While the vast majority of residents hailed from slave states, Phillips develops the notion of Missouri as sectionally independent, a state that identified itself as western rather than northern or southern. According to the author, it wasn't until the swelling northern abolitionist attacks of the 1840s, and the conversion of powerful Democratic senator Thomas Hart Benton to "Free Soilism", that large numbers of Missouri citizens embraced a southern identity. Unfortunately, Phillips does not fully develop his concept of just what this identity meant for Missourians beyond a stiffer defense of slavery and its extension. On the other hand, the author very ably traces the rowdy political conflict over slavery and annexation between "Old Bullion" Benton and Jackson (a relatively minor figure at the time), the result of which was the discrediting of both men and the rise of pro-slavery expansionist David Rice Atchison. Phillips also notes the rise of St. Louis, the rapidly expanding city that became an almost alien presence in the state and a direct threat to the political clout of the Boon's Lick leaders.

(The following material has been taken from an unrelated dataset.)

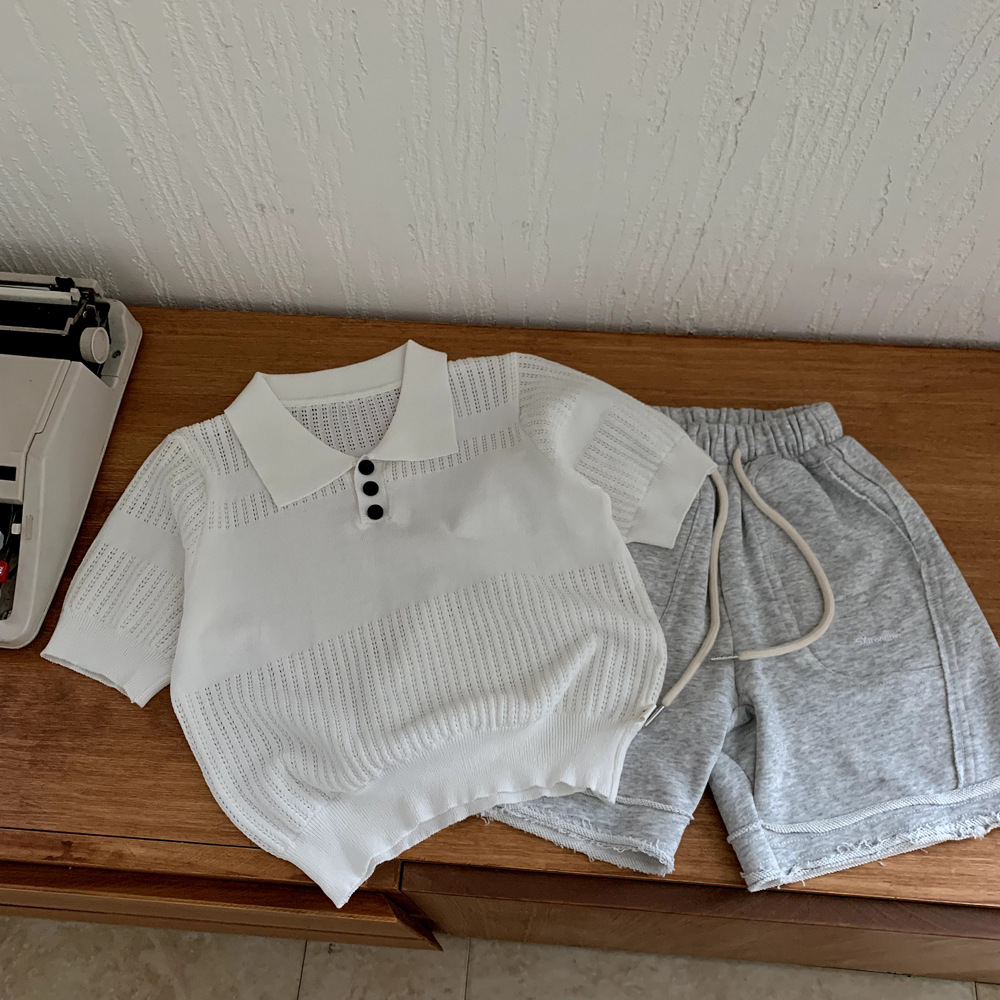 韓国子供の夏 2025 新しいハンサムスタイルニットポロシャツ半袖 Tシャツメッシュ通気性カジュアルガールズ T トレンド
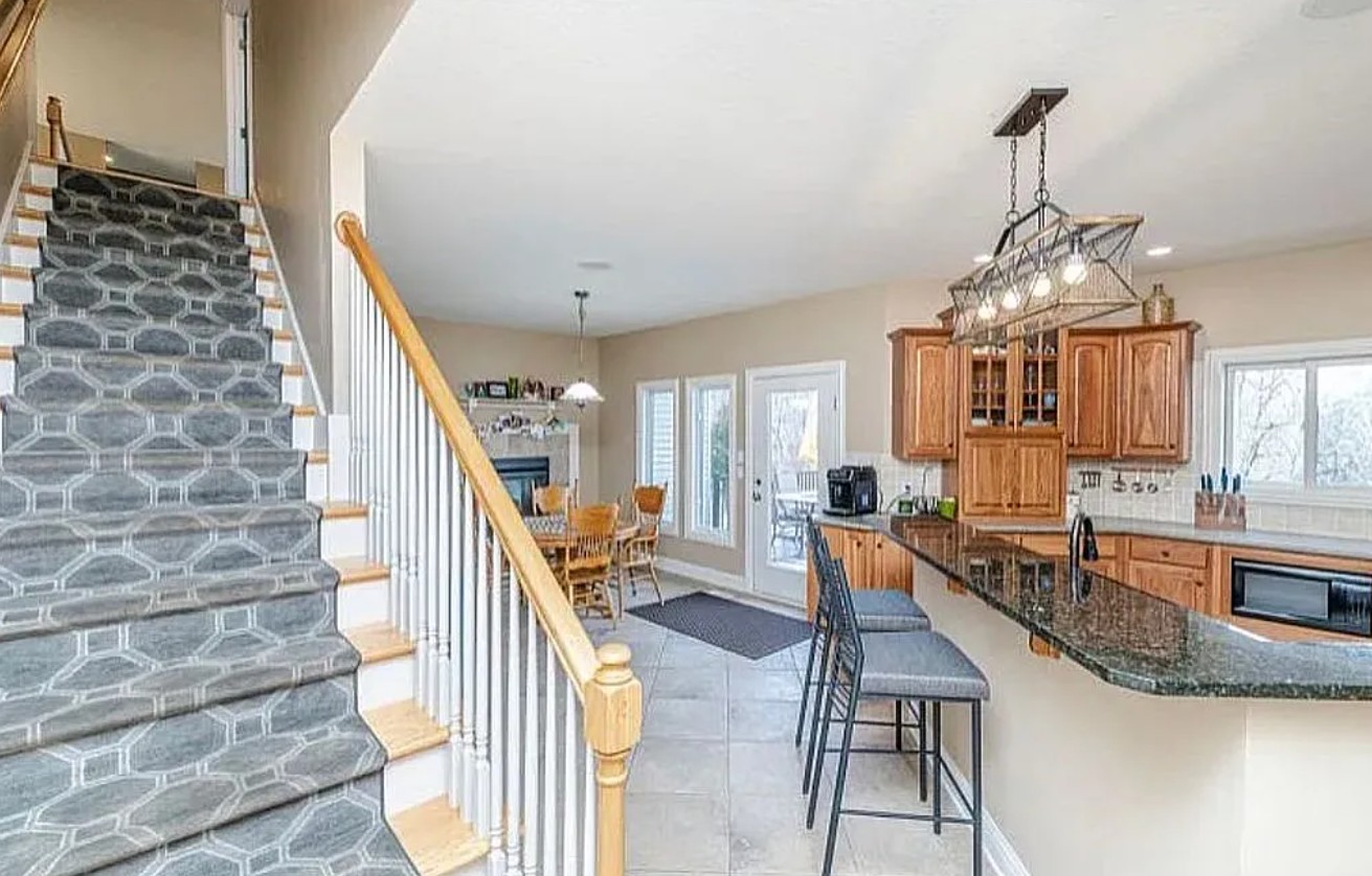 The newly finished lower level is perfect for entertaining, complete with a wet bar, custom wine racks, and large windows showcasing serene wooded views.

Politically irrelevant by the early 1850s, Jackson utilized his Sappington family connections to set himself up as a planter/farmer in Saline County, biding his time for a comeback. Although Phillips does not make clear the details of Jackson's transformation from pariah to elected governor, the rise of the Republican party and the Kansas troubles largely snuffed out Free Soil appeal amongst Missourians, breathing renewed political life into the discarded careers of many of the state's prominent conservative Democrats. The author confirms the accepted notion that Jackson, who harbored secessionist views, projected moderate views simply as a means to get elected. Unfortunately, from this point on, Phillips appeared to be in a rush to complete his study. Out of 300+ pages of main text, only a few dozen cover the turbulent period from the firing on Ft. Sumter to Jackson's December 1862 death from cancer and tuberculosis. This will likely be a source of disappointment for those individuals primarily interested in Jackson's actions during the secession winter and the early Civil War period.

However, I wouldn't recommend that readers allow the deficiency in wartime coverage to deter them from reading this well balanced and deeply researched political biography. Phillips's overall theme that Missourians considered themselves foremost as conservative westerners situated above the sectional fray (with a southern identity primarily formed in response to northern pressures) is to a large degree persuasive. As a profile of Claiborne Jackson's life and career, certainly no other work approaches the depth of Missouri's Confederate. The book should also be regarded as essential reading for those students interested in learning more about the complexity of border state politics, and the democratic model Missourians hoped to create for the new West.